Exercises To Kick Start Your Writing Day

The Next Ten Exercises 

 After a few mouthfuls of All Bran, you may stare at the laptop’s blank canvas in despair.  Don’t panic!   There are a number of ways – I’m going to give you the second ten – to kick start the writing brain.  The idea is to get the creative mind into ‘flow’.  Write for only seven minutes before you start work on your oeuvre.

Taking the mind away from the task in hand, to mix my metaphor and use a cliche, can fire us into action.  It’s rather like limbering up at the gym before starting the real workout.  We need to flex those writing muscles and prepare them for a stretch of sixty minutes’ worth, or hopefully more, of concentrated pen pushing or typing.  So this is the hors d’oeuvres to your main course.  Digest that All Bran slowly now, for there is travail ahead.

These should be helpful if you are working on a novel or a short story

Novel Ideas and Encouraging Dialogue

Meet your central character in a café and ask him/her some questions.  Draw up a list of questions and make believe you have to write a commissioned interview feature.  Put a deadline on that commission (editors do this) and then return to the exercise every morning for seven minutes until you have finished the task.

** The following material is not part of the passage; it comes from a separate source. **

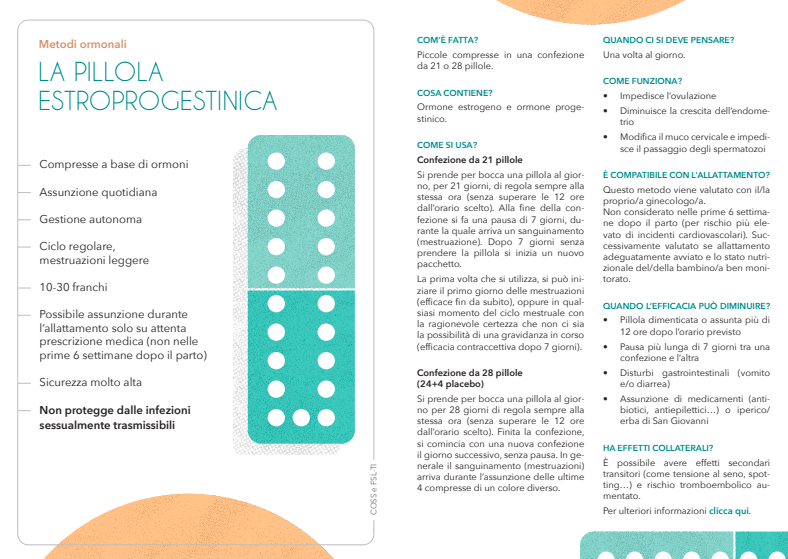 Troverete inoltre le pagine con le domande frequenti e gli effetti collaterali della contraccezione.
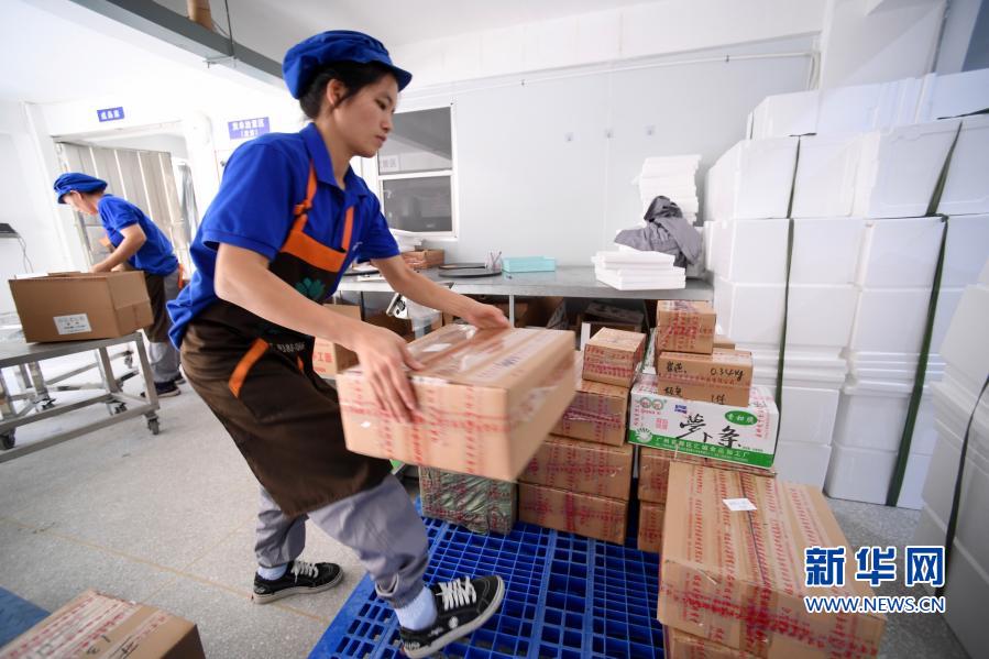 11月18日,沙县小吃产业园一家企业员工在打包快递沙县小吃产品。新华社记者 姜克红 摄

  1. Ask your central character, “What is your problem?”
  2. And, “What is your central character’s secret?”
  3. What does your central character want?
  4. What do they have at stake ie what are they in fear of losing?

Do they tell you?  Do they know?

  1. Write the theme of your book in one word.  (Arthur Miller would type this at the top of every A4 sheet of paper as he was typing.)
  2. Create the perfect ‘target market’ reader or viewer for your oeuvre.  Give them a name and then write a blurb/pitch in 100 words to read out loud to them.
  3. Write the plot of your oeuvre in 50 words exactly.
  4. In one sentence, write the question which arises early on in your oeuvre and is not answered until the end.
  5. Create a document on your laptop files which is an ongoing discussion between you and your central character.  (You might want to start and finish the writing day in this way.)